Why did the quiet gardener, who gave others homemade soap but could not get a steady date, turn into a killer?

While a definitive motive may never be known, friends and family described him as lonely and depressed.

Ratzmann lived with his mother, Shirley, who said that although he did not seem suicidal, he was depressed about his job situation and was not pleased with his church, according to a medical examiner's report. "She stated that her son did not agree with the new pastor's point of view, but didn't harp on it," the report read.

Friends said Ratzmann had been greatly affected by his parents' divorce after he graduated from high school in 1978, but avoided the subject. His father, John, died in 1992.

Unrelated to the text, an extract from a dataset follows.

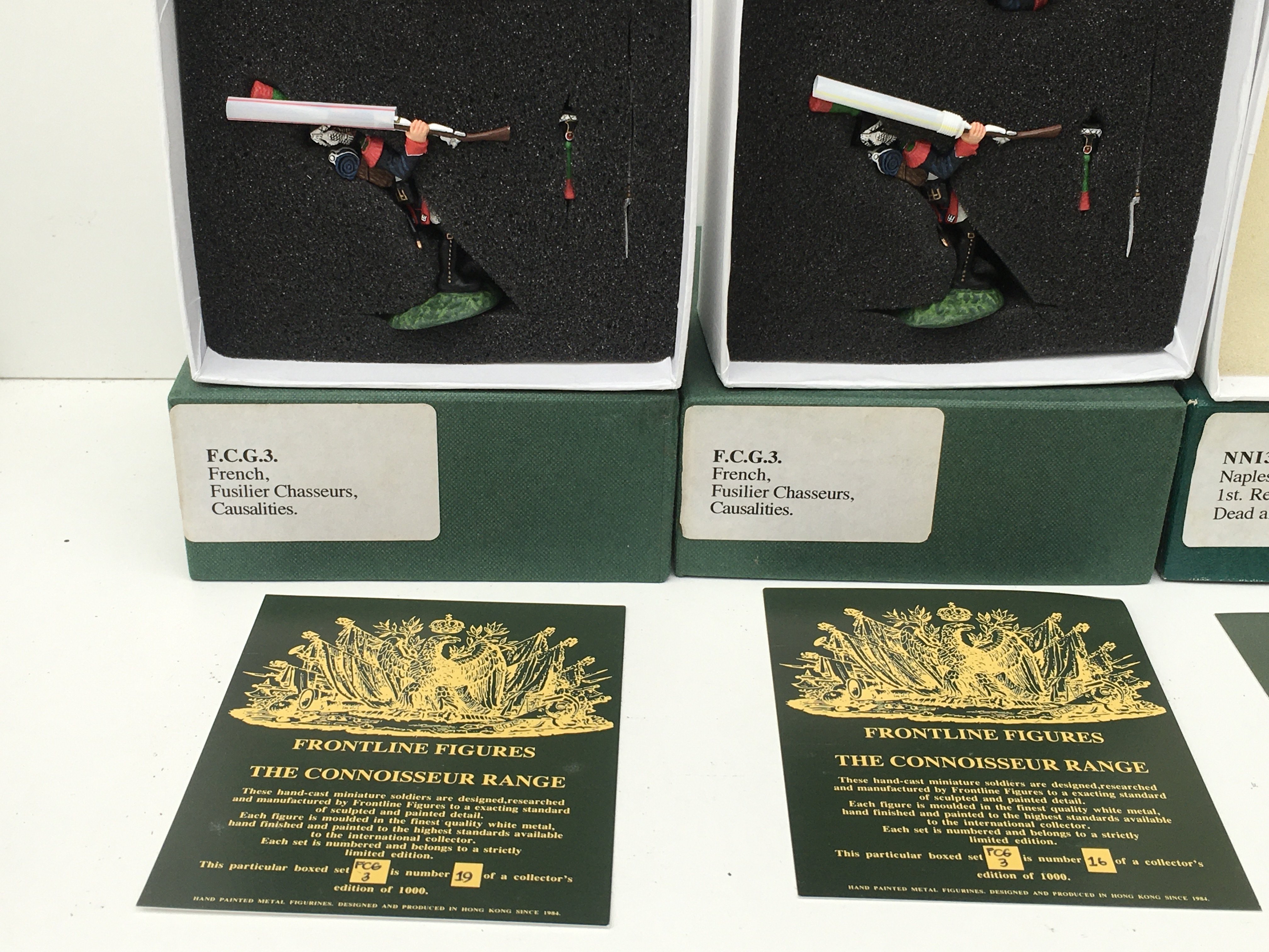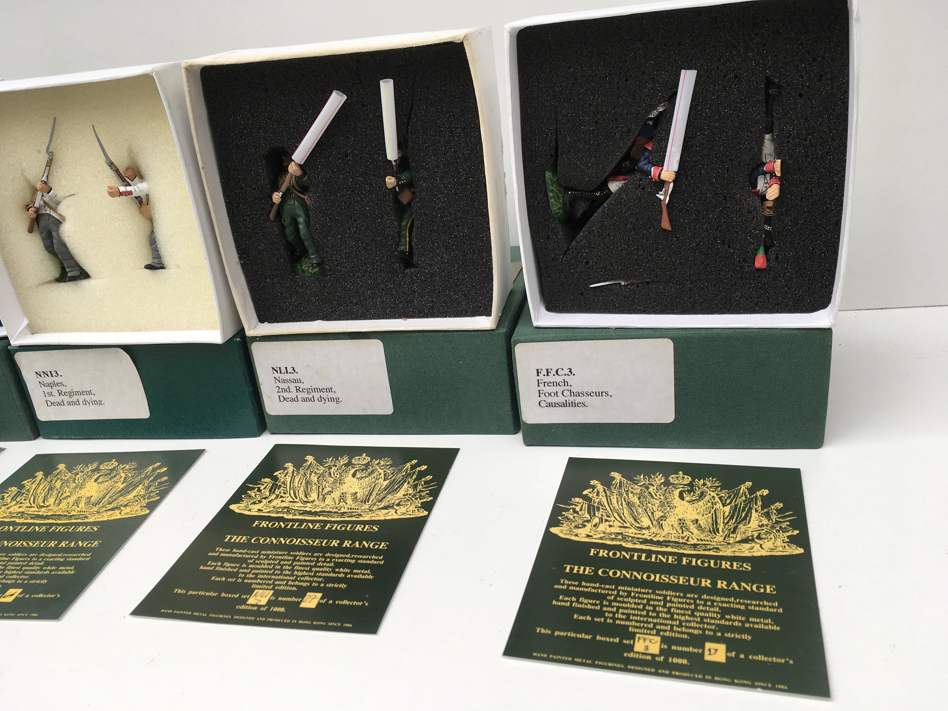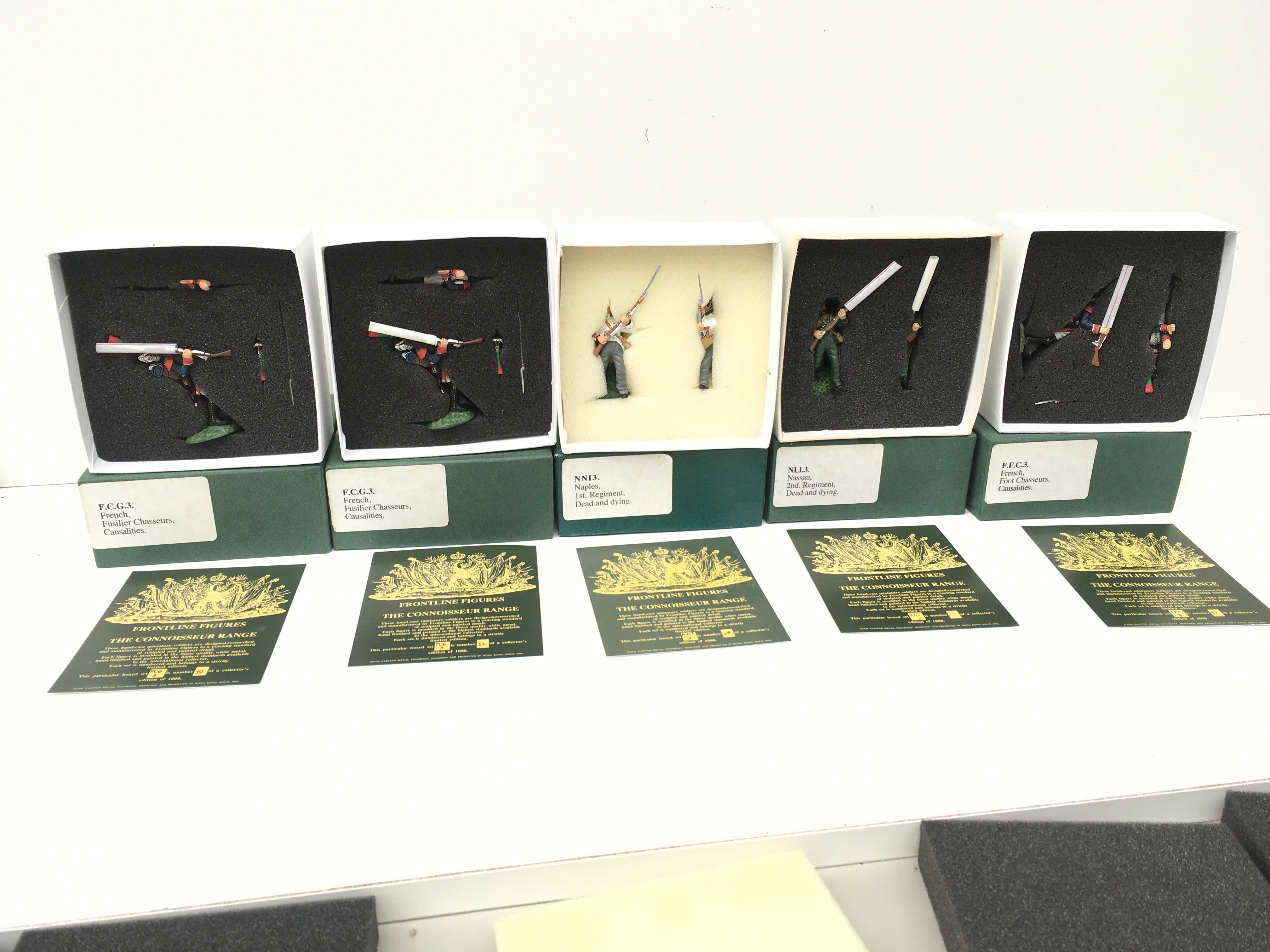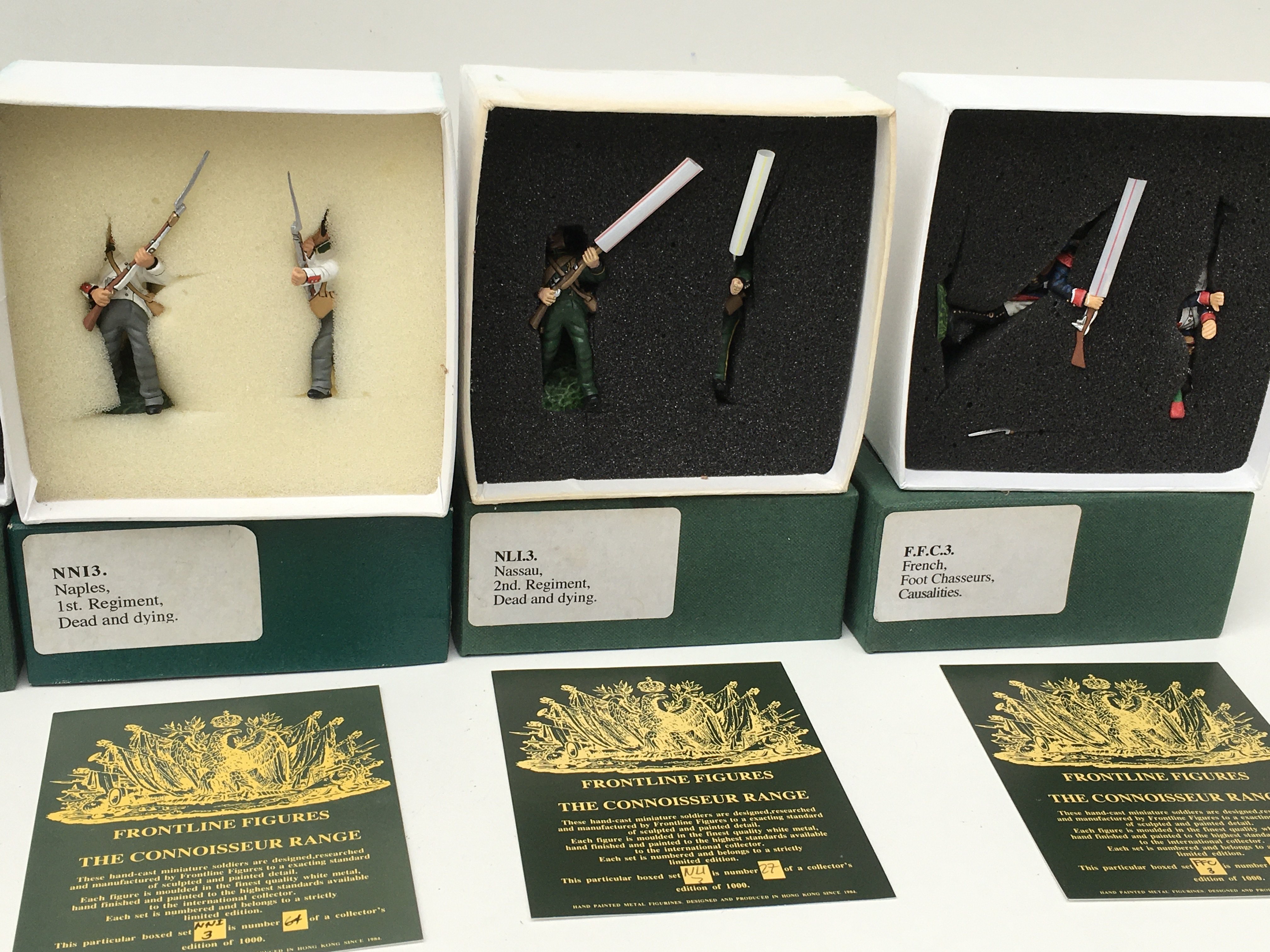 5x boxed Minature military models by Frontline Figures featuring FGC3 x3. NLI3 and NNI3. All are casualties.

Ratzmann joined the U.S. Coast Guard in June 1978. By the time he was honorably discharged in June 1982, he had developed the two interests that ultimately proved an explosive mix - religion and guns.

Police say Ratzmann bought a .22-caliber rifle on July 3, 1982, and Geiger said Ratzmann became an excellent marksman. He bought the 9 mm Beretta he used in the killings last June.

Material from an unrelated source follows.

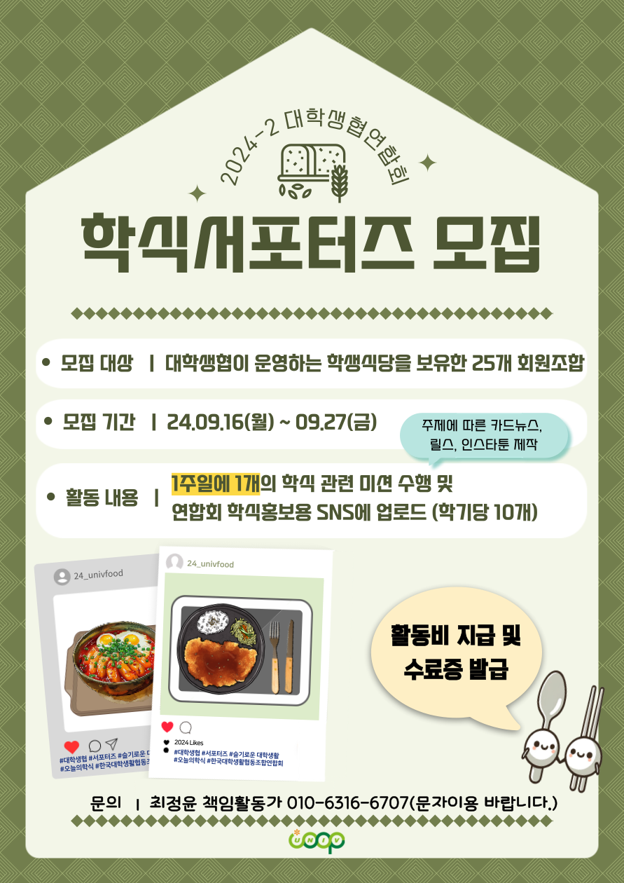 2024-2 대학생협 식당 서포터즈 '쿠비' 모집
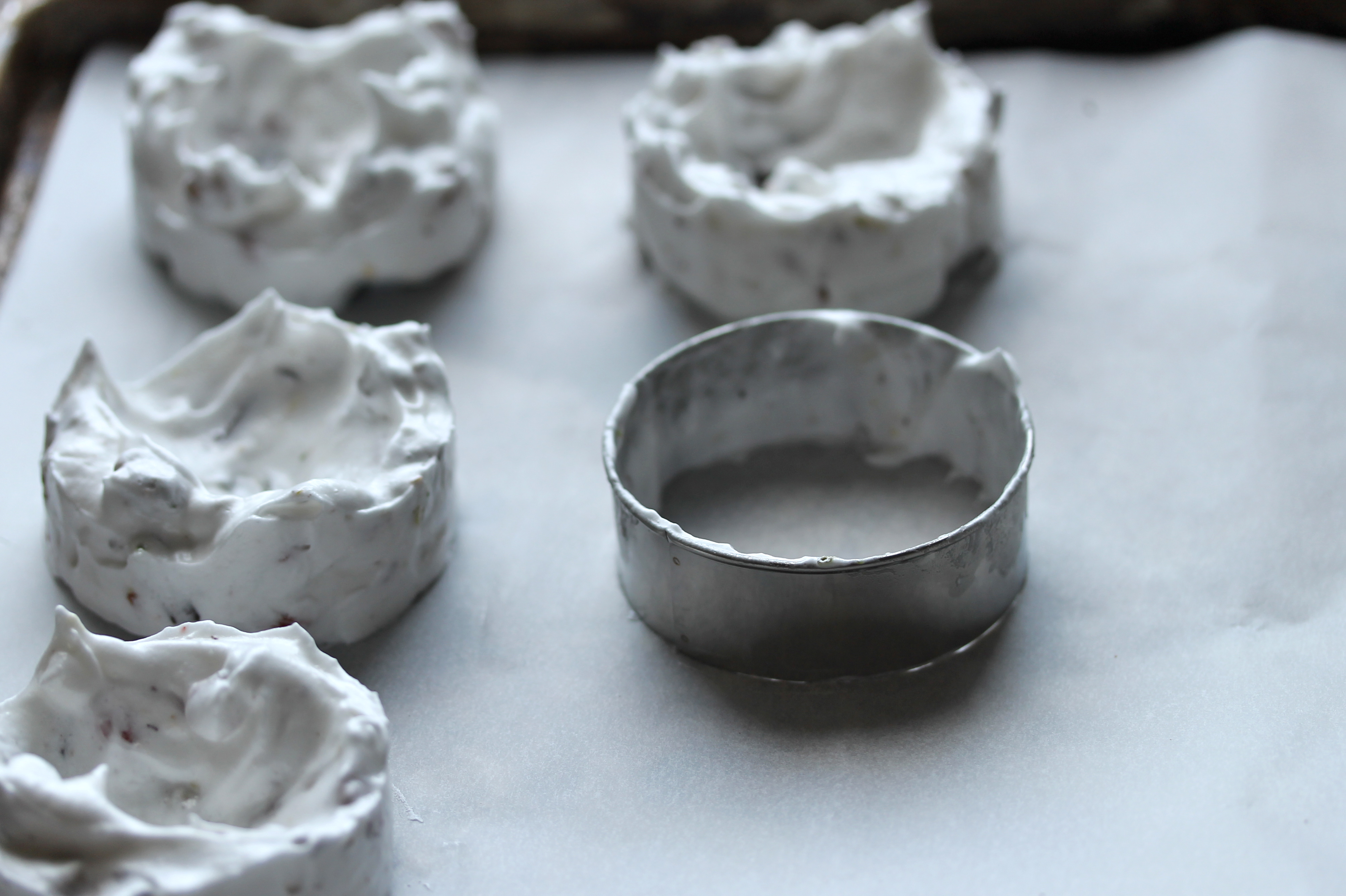 Ég setti svo bökunarpappír á plötu og gerði 12 marenskökur. Það má teikna hringi á pappírinn með blýanti og smyrja marensinum á þá en af því að ég vildi reglulega lagaðar og flottar litlar pavlovur notaði ég hring úr málmi sem er sirkabát 7 cm í þvermál – sama hringinn hvað eftir annað, maður þarf ekki tólf hringi – jafnaði marensinum í hann, gerði dálitla laut í miðjuna og lyfti svo hringnum og gerði næstu köku.

In the early 1980s, Janet and Terry Brantzeg began seeing Ratzmann at gatherings of the Worldwide Church of God. He became engrossed in church outings - ball games, potlucks and social events. For Ratzmann, "that was his life," Janet Brantzeg said.

Marriage was restricted to church members, said Brantzeg, 64, so she tried setting him up with her daughters. "But my daughters ran the other way, because he was a little bit ... different," she said.

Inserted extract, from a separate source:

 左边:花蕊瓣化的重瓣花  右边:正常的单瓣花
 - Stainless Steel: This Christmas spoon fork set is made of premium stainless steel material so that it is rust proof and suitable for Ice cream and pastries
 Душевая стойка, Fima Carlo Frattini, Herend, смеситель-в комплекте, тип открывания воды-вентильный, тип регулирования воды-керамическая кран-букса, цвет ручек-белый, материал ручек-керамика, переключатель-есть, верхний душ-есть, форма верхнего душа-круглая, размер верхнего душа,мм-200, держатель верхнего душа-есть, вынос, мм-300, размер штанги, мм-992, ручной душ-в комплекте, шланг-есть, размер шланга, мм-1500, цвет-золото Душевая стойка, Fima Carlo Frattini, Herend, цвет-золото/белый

Then, their church fell apart. The Worldwide Church's founder, Herbert W. Armstrong, died in 1986, and his successor ended practices such as required donation of up to 30 percent of income, Old Testament dietary laws banning pork or shellfish, and a ban on work during the Sabbath from sundown Friday to sundown Saturday.

Prophecies of an apocalypse were out, and dealings with other Christians were in.

Ratzmann joined a splinter group, formed by Roderick Meredith, which stuck fast to the original teachings.

The new, smaller group numbers 7,000 spread over 40 countries, down from about 150,000 at the Worldwide Church's peak.

The breakaway group could have created a pressure-cooker environment, said Nancy Ammerman, professor of the sociology of religion at Boston University.

"The strictness can heighten the possibility for disruptive behavior," Ammerman said.

The group had a "very pessimistic, apocalyptic view of the world," said Curtis Freeman, research professor of theology at Duke University's Divinity School.

"When you put all of them together, you're really creating, I think, a kind of very volatile chemistry," Freeman said.

Meanwhile, pressures on Ratzmann grew.

He was laid off as an engineering technician from a high-tech device maker in March 2002, and his latest contract as a computer technician was due to end March 25.

"He said he was just sick of losing his job all the time," said Edwards, adding Ratzmann began showing up less frequently at church outings.

"He was a frustrated, 44-year-old single man that couldn't get a date, that was losing his job again and nothing was going right in his life," Geiger said.

The last sermon Ratzmann heard, on Feb. 26, was about choosing between the Biblical Tree of Knowledge, of good and evil, or the Tree of Life, which grants immortality, Geiger said. Ratzmann bolted - which was common - but when he returned, he looked menacing.

Geiger's sister kidded him about skipping his turn at giving the closing prayer. "He looked away, his face got red, and he clenched his jaw," Geiger said.

After Ratzmann came into the service March 19 with his Beretta blazing, police found his briefcase at his home, with his Bible inside.

"He made a fatal choice," Geiger said. "He traded a Bible for a gun."